[BRIEF]:
Would you give the listing again exactly as written, minus its pictures?

[DATASET CONTENT]:
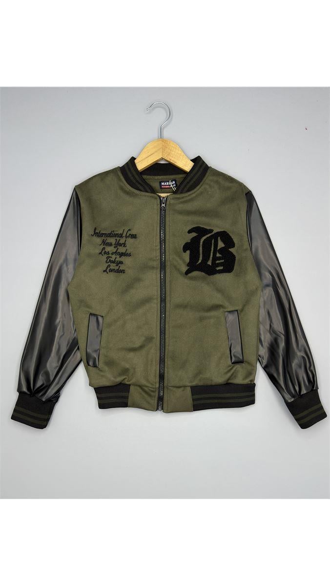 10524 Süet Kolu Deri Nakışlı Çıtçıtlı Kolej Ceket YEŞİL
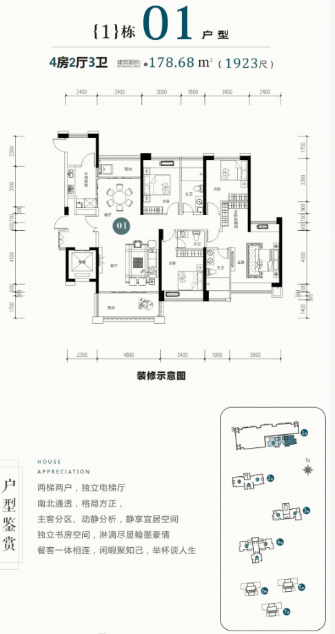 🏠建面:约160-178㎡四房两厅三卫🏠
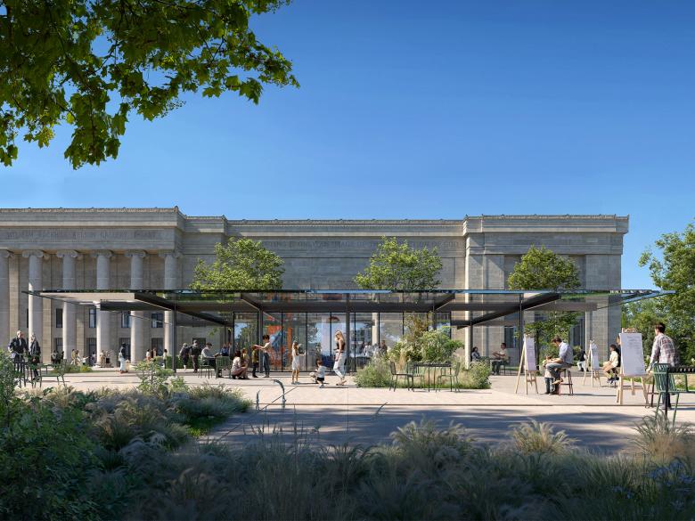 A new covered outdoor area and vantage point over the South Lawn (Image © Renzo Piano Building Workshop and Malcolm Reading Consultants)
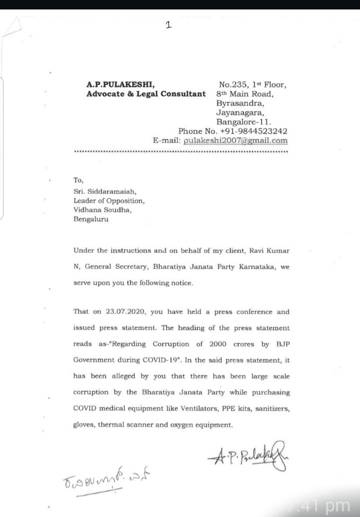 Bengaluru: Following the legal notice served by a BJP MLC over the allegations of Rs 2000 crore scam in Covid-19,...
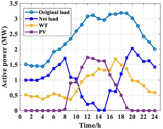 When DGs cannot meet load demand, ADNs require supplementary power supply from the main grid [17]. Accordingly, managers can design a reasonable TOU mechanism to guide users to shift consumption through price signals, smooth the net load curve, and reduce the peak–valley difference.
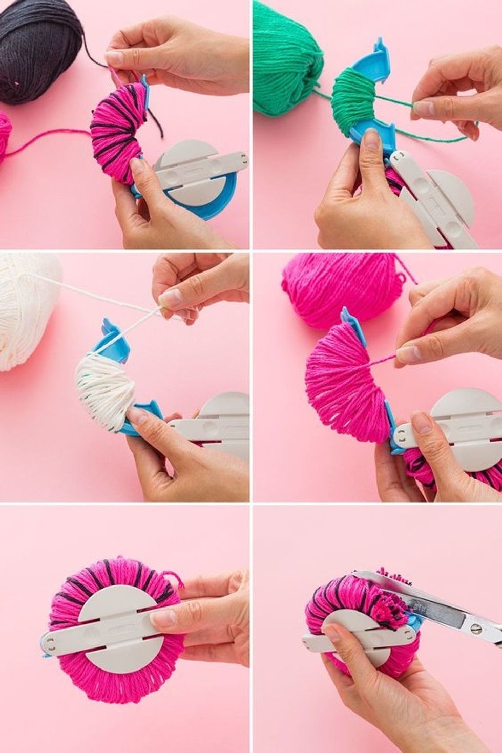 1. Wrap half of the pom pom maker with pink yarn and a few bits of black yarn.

[EXERCISE RESPONSE]:
 10524 Süet Kolu Deri Nakışlı Çıtçıtlı Kolej Ceket YEŞİL
 🏠建面:约160-178㎡四房两厅三卫🏠
 A new covered outdoor area and vantage point over the South Lawn (Image © Renzo Piano Building Workshop and Malcolm Reading Consultants)
 Bengaluru: Following the legal notice served by a BJP MLC over the allegations of Rs 2000 crore scam in Covid-19,...
 When DGs cannot meet load demand, ADNs require supplementary power supply from the main grid [17]. Accordingly, managers can design a reasonable TOU mechanism to guide users to shift consumption through price signals, smooth the net load curve, and reduce the peak–valley difference.
 1. Wrap half of the pom pom maker with pink yarn and a few bits of black yarn.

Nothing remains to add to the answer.